To prove Fermat’s theorem that every prime of the form 4k + 1 is expressible as the sum of two squares, Zagier famously provided the following ‘one-sentence proof’ discussed here:

Here, g is the complicated piecewise involution defined above, and f is the involution which interchanges the second and third coordinates. The set R is the set of ways to write p = x^2 + 4y^2, and the set U is the singleton set containing the fixed point of the complicated involution g.

Observe that this proof is constructive: you can use these involutions f and g to construct a solution to the original problem! Specifically, if you start at the (unique) element of U and alternately apply f and g, the other end of the path is an element of R:

Christian Elsholtz similarly noticed this construction here albeit with the Greek letters α and β to refer to the two involutions.
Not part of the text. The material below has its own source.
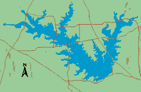 Lake Fork is shaped like a V and Doug's place is on the left side off FM 17 and CR 1550, or the Sabine River side.
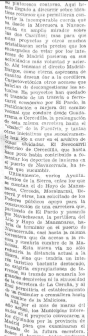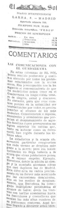 En el mundo de las técnicas y de las comunicaciones cabe resaltar el editorial dedicado por El Sol a exponer un plan que facilitase las conexiones de #Madrid con la sierra de Guadarrama, lugar natural de esparcimiento de la población madrileña.

At first, I though that this was a trick rather than a technique. In the words of Donald Knuth:

A trick is a clever idea that can be used once, while a technique is a mature trick that can be used at least twice.
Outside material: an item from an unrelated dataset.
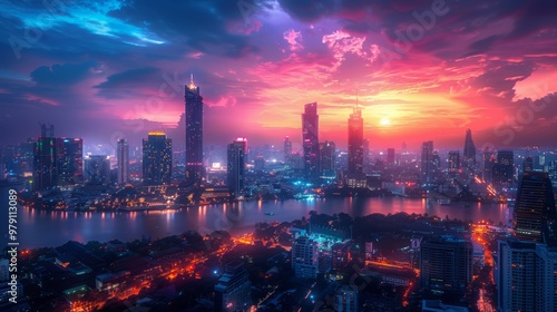 © racesy, Fototapeta premium Cityscape at Sunset with Pink and Blue Skies

That was until recently when I saw the following.

Example II: Hamiltonian cycles on cubic graphs

The problem is to show that, given a 3-regular graph G with a distinguished edge x, that there exists an even number of Hamiltonian cycles passing through x. Using this proof approach, we let:

  • S be the set of proper 3-edge-colourings (with colours red, green, and blue) of the graph G such that x is assigned the colour blue;
  • g be the involution that swaps red and green;
  • f be the involution that swaps blue and green on every blue-green component other than the one containing the edge x.

The fixed points of f are those where the green and blue edges form a single (Hamiltonian) cycle. There are no fixed points of g, so U is the empty set. It follows, therefore, that |S| and |R| are also even.

Again, this proof is constructive: by alternately applying f and g, this gives you an explicit self-inverse way to transform any Hamiltonian cycle through x into a different Hamiltonian cycle through x:

This is a natural bijection, in that it doesn’t involve making any arbitrary choices such as labelling the vertices of G. Even better, it’s acceptable for constructivists since we can provide an explicit upper bound on the length of the path of alternating applications of f and g: it’s no longer than the size of S, which is in turn upper-bounded by 3^(3n/2); there are 3n/2 different edges, each of which is either red, green, or blue.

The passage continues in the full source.